Why listen to this episode?

Because it’s funny. Because it’s honest. Because it’s about far more than hiking.

This isn’t your typical outdoor podcast. You’ll get scenery, yes — but also camaraderie, awkward showers, existential terror on narrow paths, and a grown man arguing with himself about deodorant. The trail is real. So is the risk. 

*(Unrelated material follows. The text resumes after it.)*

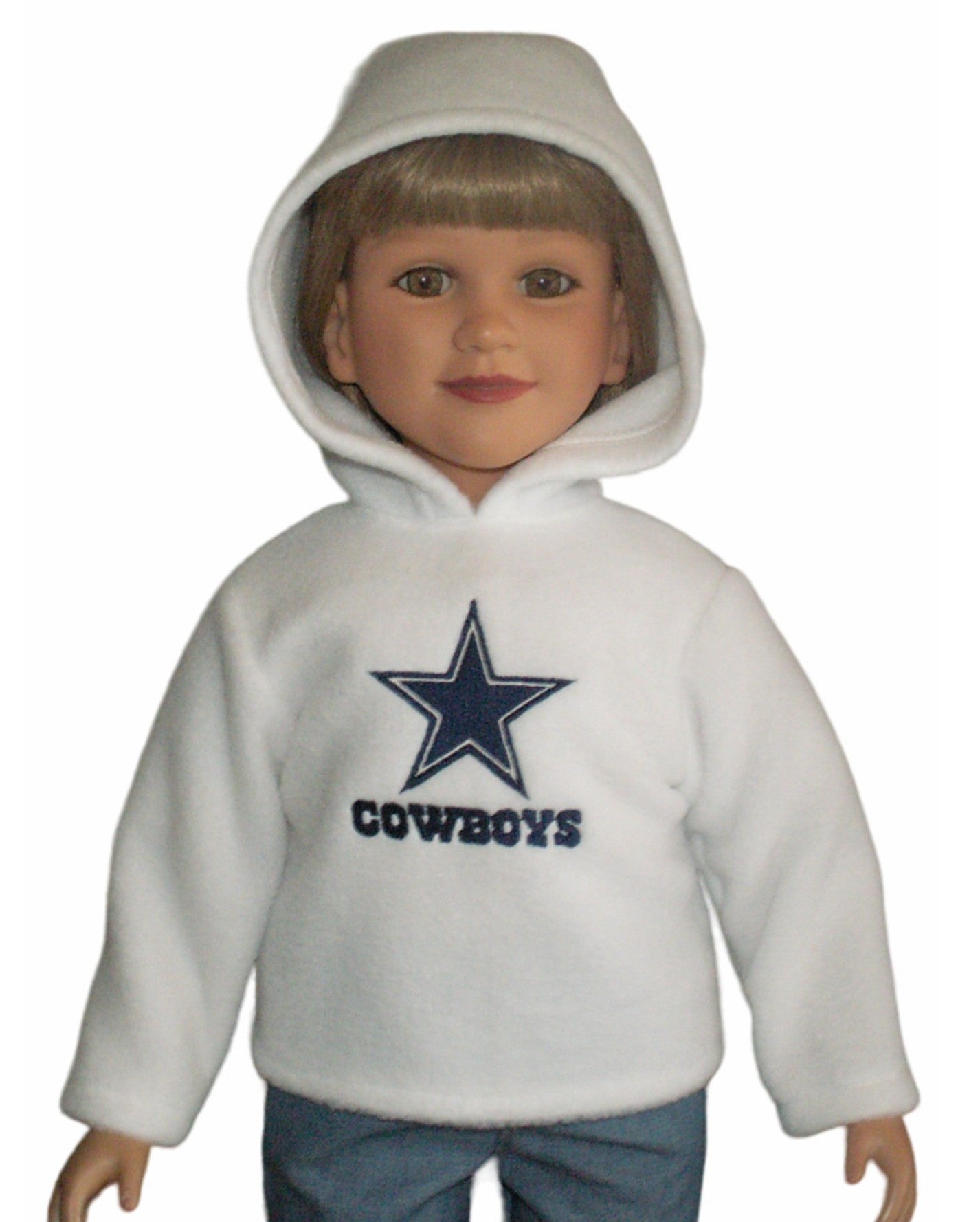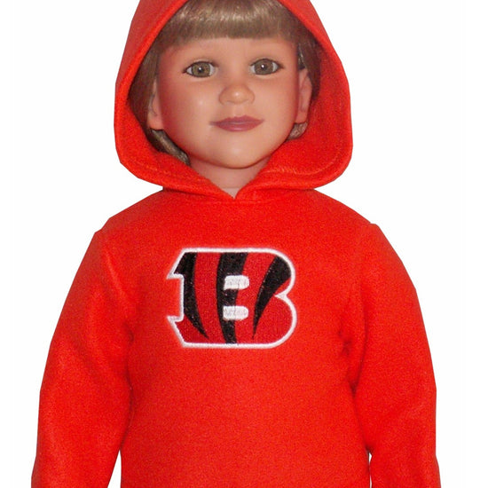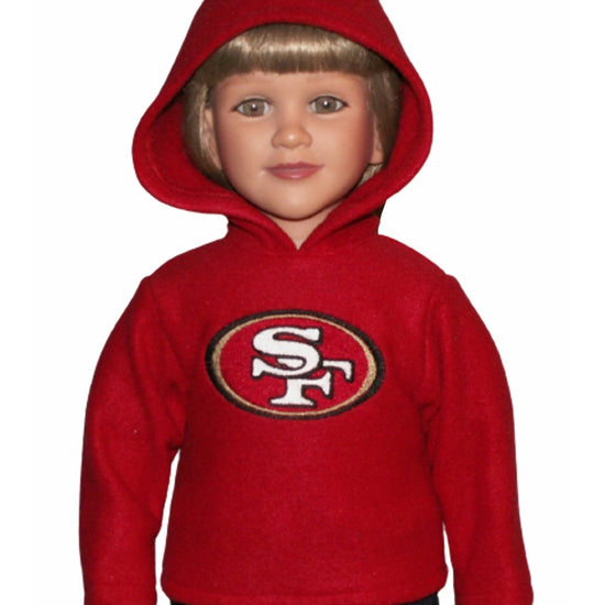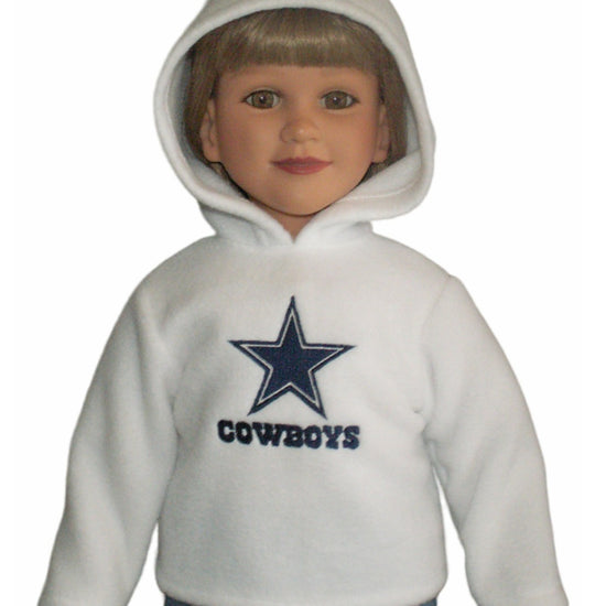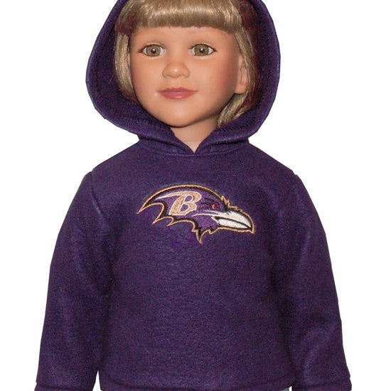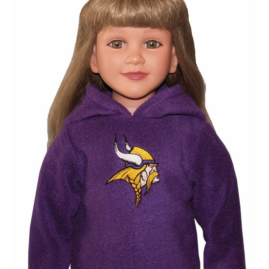 Keep your My Twinn doll cozy and game-ready with this pullover hooded fleece top! Featuring long sleeves and a fun embroidered logo, it fully opens in the back for easy dressing. Choose your favorite NFL team and color to show off team pride in style—each hoodie is made to order just for your doll’s winning look.

If you've ever wanted to know what it's like to teeter on a razor-thin scree path while trying not to wet yourself — emotionally or physically — this is your episode.

 What’s inside:

  • Segment 1: The High Climb and the Inversion
    The team begins early — too early for breakfast, but just in time to beat a storm. They climb to Pfannspitze (2678m), technically optional, but clearly not for fools. What follows is the breathtaking (literally) experience of emerging above the clouds — into a glowing, silent world of inversion, blue sky, and awe. Until, of course, one of the team politely asks the narrator to shut up. 
  • Segment 2: Scree Bypasses and Nervous Descent
    The so-called ‘bypasses’ of the famous Kinigat summits are anything but easy: scree fields, narrow ledges, steep switchbacks and silence that may or may not be terror. A ptarmigan feather and squealing marmots offer brief comic relief. 
  • Segment 3: The Hidden Refuge and the Austrian Linguist
    Just when they need it most, the Filmoor-Standschützenhütte appears — a wooden refuge offering shelter, cake, and a surprise: a young Austrian linguist with faultless English, generous conversation, and exactly the calm they didn’t know they needed.
  • Segment 4: The Fading Usefulness of Guidebooks
    Their decades-old guidebook is, let’s be kind, no longer fit for purpose. Trails have changed. Signs have vanished. And trusting it is more an act of faith than navigation.
  • Segment 5: Climate Change in the Alps
    Climate change rears its very real head — with warmer temps, more violent storms, and crumbling ridgelines all altering the safety and structure of the alpine environment. The Alps are changing fast, and not for the better.
  • Segment 6: Arrival at Porzehütte
    Arriving just before a biblical downpour, the team basks in smug dryness while watching soaked hikers arrive one by one. Showers become battlegrounds for dignity, one Fool loses a token down a radiator, and the narrator embraces the freedom of filth. Dinner is loud and wine-fuelled. The English are the anomaly.  

Listen if you like:

  • Outdoor storytelling with grit, wit, and weather
  • Real-life travel humour (the sort you only appreciate after surviving)
  • Middle-aged men navigating both mountains and their own limitations
  • Mountains as places of memory, history, and environmental warning
  • A bit of weather nerding, ecological insight, and heartfelt nonsense

Avoid if you want:

  • Polished travelogue voiceovers with zero sarcasm
  • Detailed kit reviews or route logistics
  • Tranquil soundscapes without human interruption (the narrator talks)
  • A clean-shaven, influencer-friendly version of alpine hiking

 Final thoughts:

“Scree, Silence, and the Inversion” is a meditation on movement — across landscapes, histories, and age. Yes, it’s funny. But it’s also deeply human. 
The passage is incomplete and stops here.